Le deuxième volume de Tenindreny met en lumière le rôle de la langue maternelle dans l’éducation, la recherche et le développement durable.
La langue maternelle s’impose une nouvelle fois au cœur de la réflexion académique avec la parution du deuxième volume de Tenindreny, publié hier dans le cadre de la célébration du Mois de la langue malgache. Placé sous le thème « Tenin’ny tany : antoky ny fanabeazana mahomby, fototry ny fampandrosoana mateza», l’ouvrage souligne l’importance du malgache dans l’enseignement et le développement du pays.
Coordonné par Daniel Rajoelison et Fanjanirina Sylvie Rakotoalison, ce livre rassemble les communications scientifiques et les résultats des ateliers organisés le 21 février 2025 par l’Itazoma (Centre de recherche sur l’histoire, le patrimoine et les sociétés malgaches), en partenariat avec l’Université d’Antananarivo.
L’ouvrage de 209 pages comprend dix articles rédigés par onze chercheurs, précédés d’une préface de la professeure Baholisoa Simone Ralalaoherivony, responsable de l’Itazoma.

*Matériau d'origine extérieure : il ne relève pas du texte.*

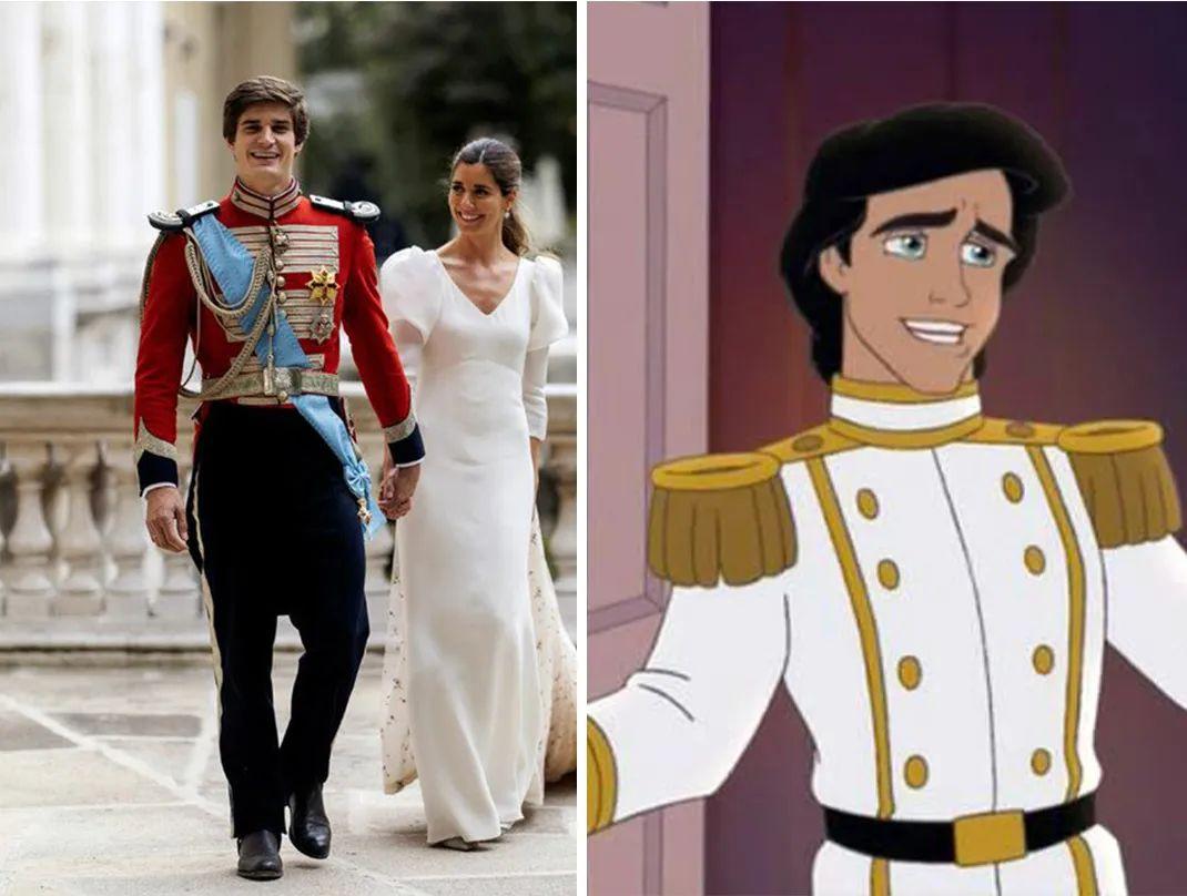 有穿传统服装的,阿尔巴公爵继承人卡洛斯穿了一身代表塞维利亚皇家骑兵军械库的军服,十分有贵族范儿,很多人说像《小美人鱼》中的埃里克王子。

Il est structuré en deux parties: la première est consacrée à la linguistique, tandis que la seconde traite de la littérature, du discours et de la communication.
Au-delà des analyses linguistiques, le livre retrace l’évolution de la langue malgache à travers l’histoire, notamment les politiques linguistiques successives depuis le règne de Radama Ier. Il aborde également l’écriture du malgache sur les réseaux sociaux, les technologies de communication ainsi que la sauvegarde des dialectes. Les auteurs rappellent que la langue est un vecteur essentiel de la culture et qu’une meilleure connaissance des dialectes contribue à résoudre certaines questions liées à l’orthographe du malgache.

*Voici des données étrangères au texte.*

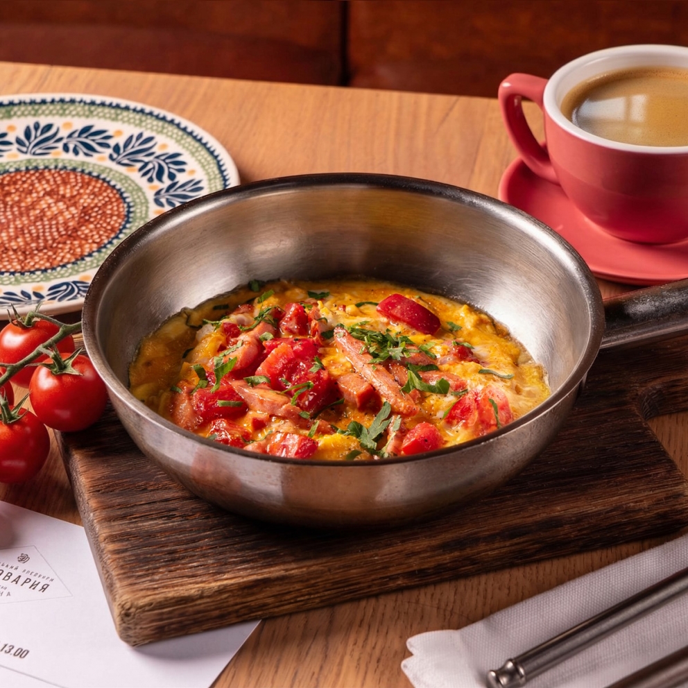 Яйцо куриное, окорок Тамбовский, помидоры, масло подсолнечное, масло сливочное, соль морская, петрушка, перец черный
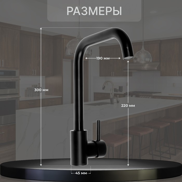 Смеситель для кухни ZEIN Z2506, высокий излив, картридж керамика 40 мм, нерж. сталь, черный
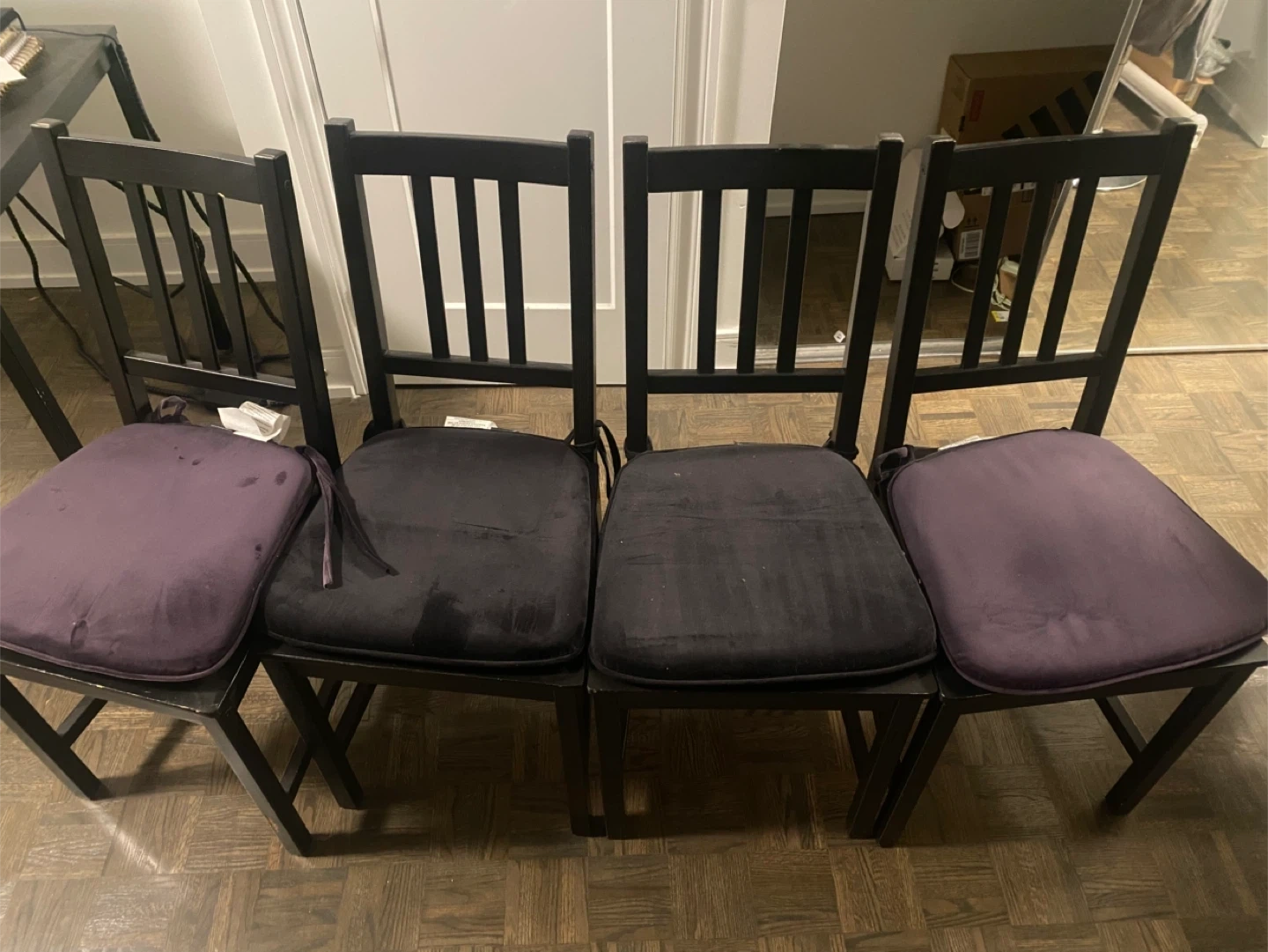 Chairs - I purchased the black cushions separately but they are included in the price. Two cushions are lighter than the others - those ones were used outside on my other chairs
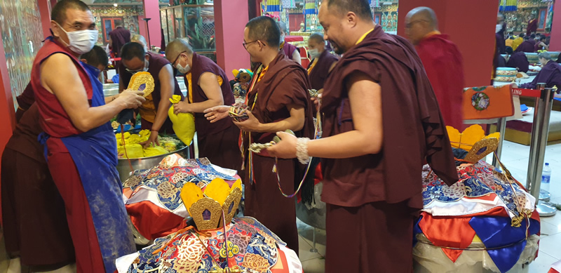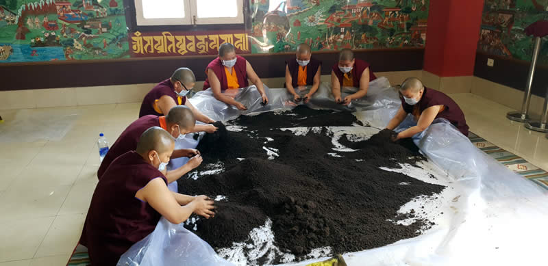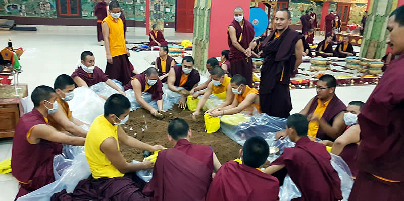 This year the preparation and accomplishment of the mendrub practice was also done during the Kagyed drubchen. Mendrub, also known as sacred medicinal pills or amrita pills, are prepared in accordance with sacred rituals and accomplished within the context of a drubchen. Hundreds of precious medicinal herbs and relics are gathered together and the sacred pills are then made as instructed in the ritual of making and accomplishing these precious pills. This year in Mindrolling during the Kagyed drubchen, mendrub was made with the greatest care and respect for the traditions as laid out by the great masters of the past under the direction of His Eminence Khochhen Rinpoche and Lopon Tenpa Gyaltshen la.

Le directeur de cabinet de l’Université d’Antananarivo, Victor James Rakotoarisoa, a souligné : « La promotion de la langue et de la culture malgaches figure parmi les priorités de l’université en matière de recherche. » Les responsables estiment que cette publication constitue une référence destinée à renforcer l’usage du malgache, à soutenir l’éducation et à contribuer au développement durable de Madagascar.